Making Friends with Fear: My SVT Heart Ablation Surgery

Six years ago today in August of 2012, I did Tough Mudder for the first time. It’s a pretty wicked 18 km obstacle course designed by British Special Forces meant to “test the limits of endurance, strength and heart.”  You literally heave your up way up and down a massive ski hill ten times. It’s pretty much the worst (or the best, depending on how you look at these things) obstacle course you can imagine. There’s mud, ice, barbed wire and paramedics with stretchers at the ready.

Spoiler alert: Turns out I needed one of those stretchers. I completed the entire barf-inducing course, including the grand finale obstacle called the Electric Eel. It features hanging 10,000-volt live wires that you must run through in order to cross the finish line. There was a sign saying “not recommended if you have a heart condition” or something like that. Whatever. No biggie.

Right after the “Arctic Enema”, a pool of ice water, mud and barb wire!

Of course, in my infinite 30-year old wisdom – despite having a heart condition – I ignored it.

Thirty minutes later, I found myself barely conscious lying in some ski hut with an IV in my muddy arm, surrounded by shouting paramedics.  I was in SVT or supraventricular tachycardia. I’d had these episodes of severely fast heart beat of 200 beats per minute since I was 14, but I’d always been able to make them go away on their own. Not this time. This time I needed a drug called adenosine to essentially restart my heart to reset the normal electrical rhythm.

Back in the ski hut I heard “you’ll feel some pressure!” and it felt like an elephant was crushing my chest. I lurched, Pulp Fiction style. My friend Kyra was with me. I remember her bawling hysterically watching me. Adenosine sucks. It feels like you’re about to die for about 10 seconds – like the grim reaper is hovering. Drama drama drama.

Then it’s all over and your heart beats normal. Relief floods you.

Needless to say, I was pretty freaked out by it all. I saw a cardiologist. My options were 1) Do nothing  2) Take beta blocker drugs everyday and feel like garbage 3) Have an ablation surgery to burn out the extra electrical pathway I have in my heart.

I chose the first option. Do nothing and hope for the best.  I started living my life trying to avoid having another SVT episode. This is hard when you make a living as a Pilates instructor. I stopped running, I stopped pushing myself in class and cut out caffeine, but every few months I’d experience that horrifying rapid heart rate. Sometimes I’d end up in the ER in an ambulance, sometimes it would pass.

To date, I’ve needed adenosine 5 times.  It’s gotten worse, which happens as your heart ages. But I still did nothing. Beta blockers would rob me of my energy, and ablation surgery was petrifying.

Then I got pregnant. Shit got even crazier. I could barely walk up the stairs at home without feeling like my heart was going to pop out of my chest. Pregnancy makes this condition worse because your heart has to work harder from the extra blood volume.

I reached a breaking point when I needed adenosine in my 3rd trimester of pregnancy.  All of a sudden it was no longer about me anymore. I wrote about that pregnancy experience here. 

I gave birth to a healthy baby girl this past April 2018.  I’m beyond grateful that my hospital labour and delivery went smoothly. 12 hours of labour, no epidural, not even an IV – despite what I was told by doctors that I’d “likely need”.  Funny how motivation works. I was bound and determined to experience something natural after using IVF to conceive and all the heart issues in pregnancy. Kind of felt like I had something to prove. My body is not a lemon. 

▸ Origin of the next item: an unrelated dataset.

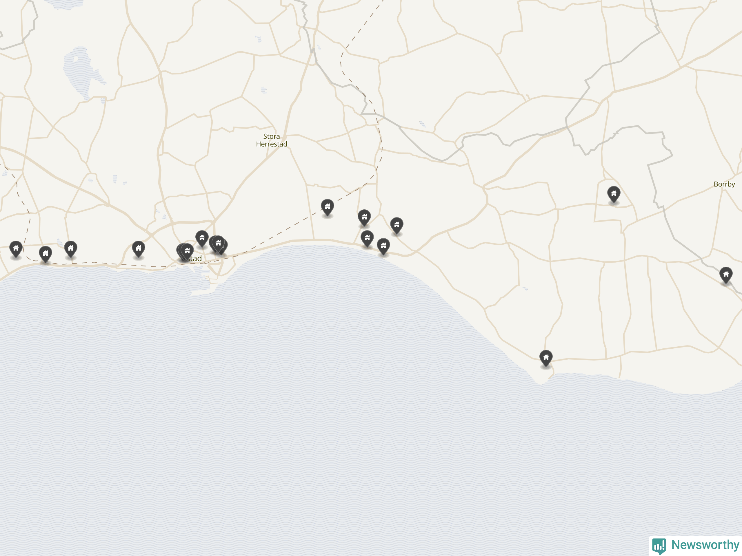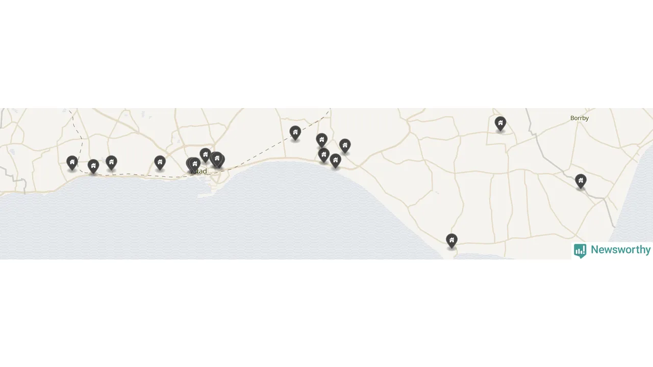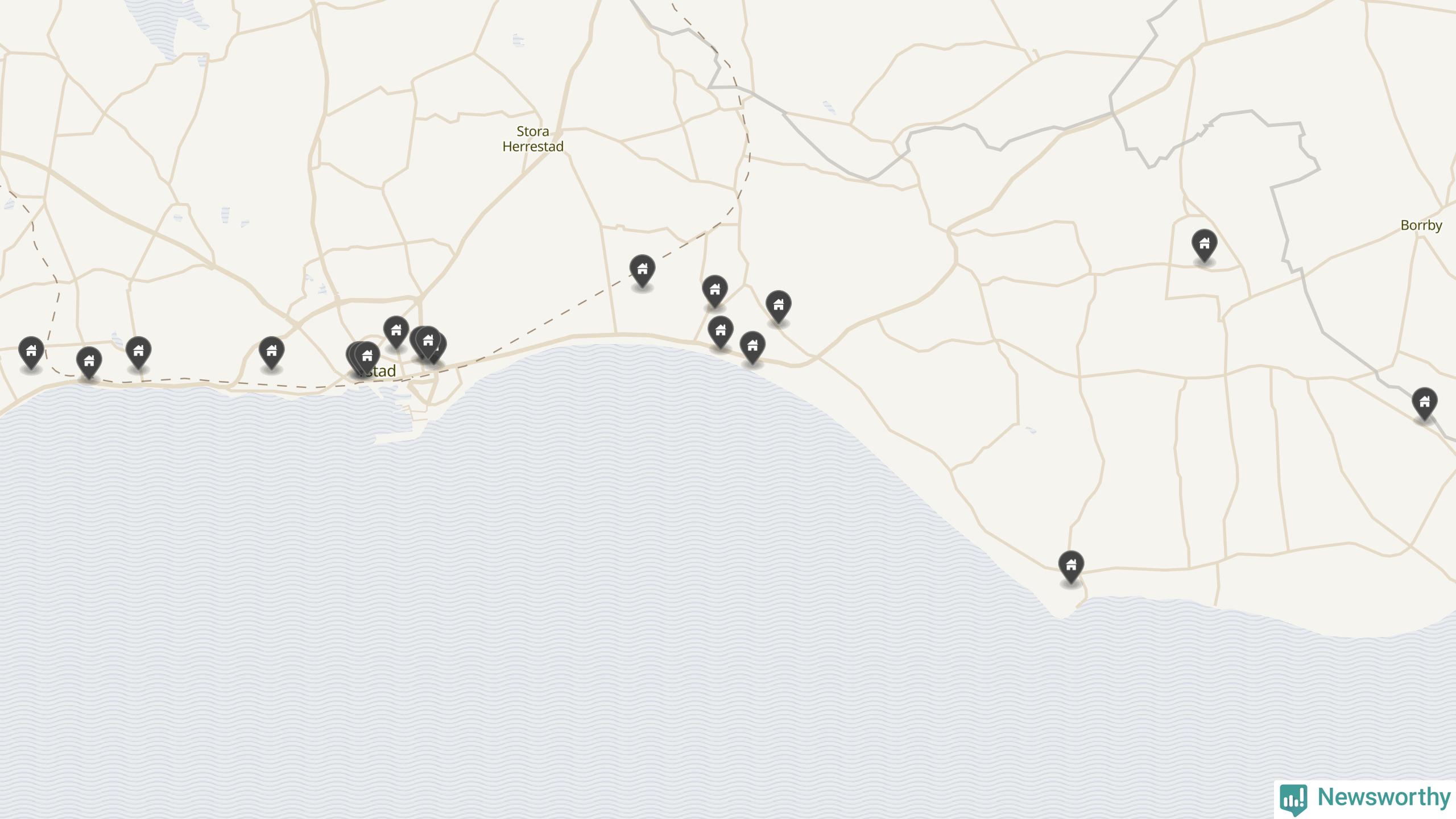 | 1 | Ystad Kåseberga 14:114 | Kasevägen 23 | 16 miljoner | 5 598 m² | Visa |

I freaking did it. It was a combination of luck (baby’s head was down, my heart stayed in normal rhythm, no other surprise medical issues), an amazing doula, the hospital bathtub, prenatal pilates (shameless plug, but it’s true!) and fierce fierce stubbornness.

My birth experience is what finally gave me the courage to do the heart ablation surgery. It’s now August 2018, and it’s been a week since the surgery. Waiting in anticipation for this heart surgery – a procedure where I’d have to be awake, and one that could leave me with a pacemaker at 36 years old – was the scariest thing I’ve ever experienced.

(Listening to music so I don’t have to hear the surgeons talking during the surgery.)

But I did the surgery despite the raging fear. And it’s over. And I’m ok. Here’s what I learned.

Becoming a mother has taught me to make space for fear to exist in my life. Every time I feel it, it reminds me that I am alive. I have been blessed with so much to lose. With that comes fear, but also so much love. Feeling fear is the epitome of being human – of being a mother. Surrendering to that fear and acknowledging its importance means I am no longer controlled by it. I am stronger than my fear.

And my body is not a lemon. Neither is yours. Fear is normal. We are all stronger than we think.